=== RECORDED INFORMATION ===
•••••

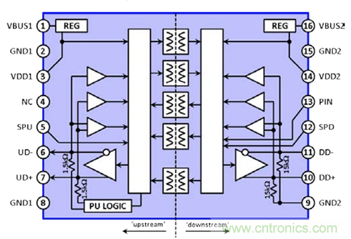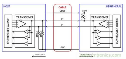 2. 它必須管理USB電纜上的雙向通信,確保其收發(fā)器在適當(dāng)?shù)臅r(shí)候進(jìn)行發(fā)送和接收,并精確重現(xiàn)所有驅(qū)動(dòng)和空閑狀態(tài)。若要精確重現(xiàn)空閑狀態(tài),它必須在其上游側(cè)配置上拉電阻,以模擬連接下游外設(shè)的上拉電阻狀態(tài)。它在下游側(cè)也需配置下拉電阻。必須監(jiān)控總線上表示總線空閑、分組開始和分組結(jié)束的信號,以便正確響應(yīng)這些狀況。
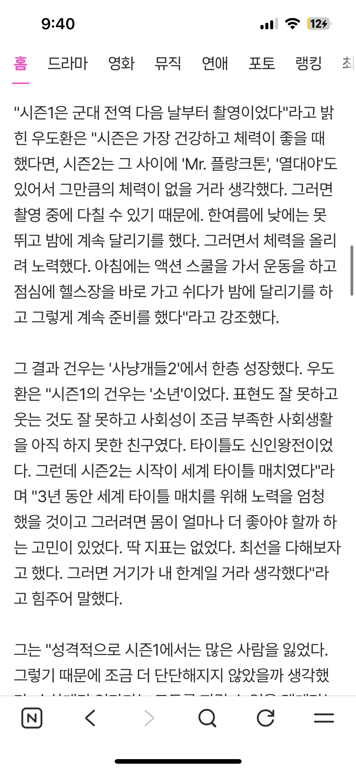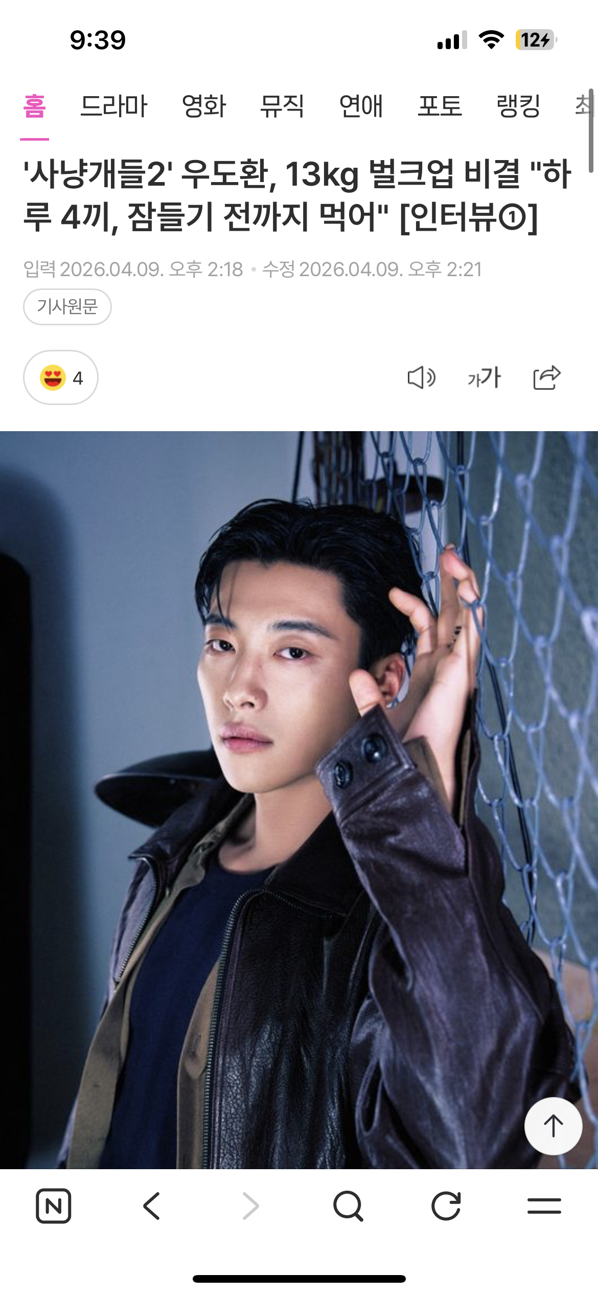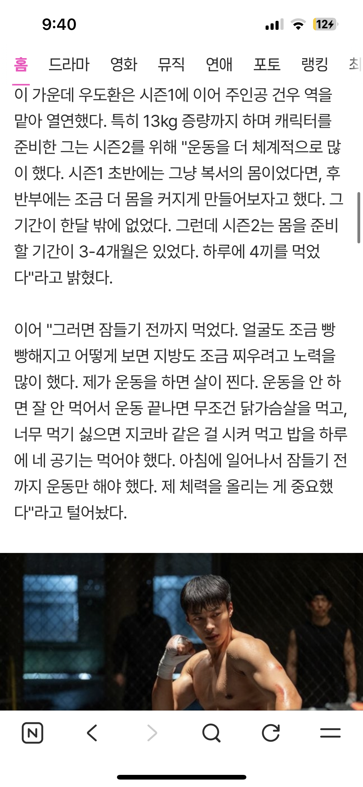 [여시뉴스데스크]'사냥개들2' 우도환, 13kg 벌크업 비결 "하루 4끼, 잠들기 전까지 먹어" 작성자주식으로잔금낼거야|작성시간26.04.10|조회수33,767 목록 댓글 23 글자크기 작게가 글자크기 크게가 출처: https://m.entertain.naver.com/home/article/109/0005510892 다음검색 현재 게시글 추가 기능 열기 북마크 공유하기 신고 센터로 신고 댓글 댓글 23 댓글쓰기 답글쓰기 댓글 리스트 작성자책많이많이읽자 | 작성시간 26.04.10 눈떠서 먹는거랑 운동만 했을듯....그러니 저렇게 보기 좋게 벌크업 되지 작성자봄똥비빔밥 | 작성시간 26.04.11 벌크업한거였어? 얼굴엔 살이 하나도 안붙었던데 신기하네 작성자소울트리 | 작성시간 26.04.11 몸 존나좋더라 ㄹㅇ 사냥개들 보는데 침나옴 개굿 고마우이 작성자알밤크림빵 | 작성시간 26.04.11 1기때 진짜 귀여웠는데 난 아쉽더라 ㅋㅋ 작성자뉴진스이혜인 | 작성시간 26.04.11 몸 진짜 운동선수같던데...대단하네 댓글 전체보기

•••••

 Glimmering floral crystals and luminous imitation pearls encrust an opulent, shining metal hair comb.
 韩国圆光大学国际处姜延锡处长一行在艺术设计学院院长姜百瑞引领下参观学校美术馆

•••••

Above are the records. Copy the lines beginning at the one that has "Glimmering floral crystals" and ending with the one that has "韩国圆光大学国际处姜延锡处长一行在艺术设计学院院长姜百瑞引领下参观学校美术馆", unchanged.

=== EXERCISE OUTPUT ===
 Glimmering floral crystals and luminous imitation pearls encrust an opulent, shining metal hair comb.
 韩国圆光大学国际处姜延锡处长一行在艺术设计学院院长姜百瑞引领下参观学校美术馆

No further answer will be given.